4 Major Achievements in California Legislature
AB 3088 maintains credit unions’ ability to work with members on mortgage forbearances — a MAJOR VICTORY. The League worked extensively with Governor Gavin Newsom to shape the outcome of AB 3088. The bill does not include any language on foreclosure moratoriums, mandatory forbearance, or long-term eviction moratoriums and was a last-minute compromise out of multiple bills dealing with eviction and forbearance. AB 3088 came after we battled and defeated AB 1436 and AB 2501.
AB 1436 moved from one Senate committee to another and was a near repeat of the mortgage forbearance requirements that credit unions had already defeated in AB 2501 in late June. The mortgage provision from then-defeated AB 2501 was dropped into a housing eviction/rent relief bill (AB 1436).

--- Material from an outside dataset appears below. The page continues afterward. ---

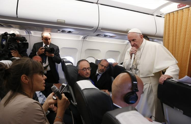 – Köszönjük, Szentatya! Vannak itt olyan újságírók, akiknek ez az első útjuk, de vannak olyanok is, akik már majdnem századik, sőt több mint századik útjukon vettek részt. Ön… nem is tudom, Ön hány nemzetközi utazást tett…

Earlier in the year, AB 2501 was introduced after state legislators came back from an unexpected COVID-19 recess and would have let any borrower request a mortgage forbearance for up to 12 months, and up to six months on an auto loan, without any proof of economic impact due to the pandemic. It also included a year-long moratorium on foreclosures, meaning a borrower could go up to two years without making a payment.
The League and credit unions rallied together during two intense Connect For The Cause campaigns by sending a total of 21,125 messages to Assemblymembers and Senators to kill AB 2501 and AB 1436!
Defeated multiple bills that attempted to expand the California Consumer Privacy Act (CCPA), namely SB 561. This measure would have removed the attorney general’s guidance for businesses, as well as the 30-day right to cure, making the entire CCPA subject to private right of action.
SB 1121 clarifies the Gramm-Leach-Bliley Act (GLBA) exemption included in the new CCPA and protects credit unions from large compliance costs related to updating information-technology systems for new consumer notices and opt-out requirements.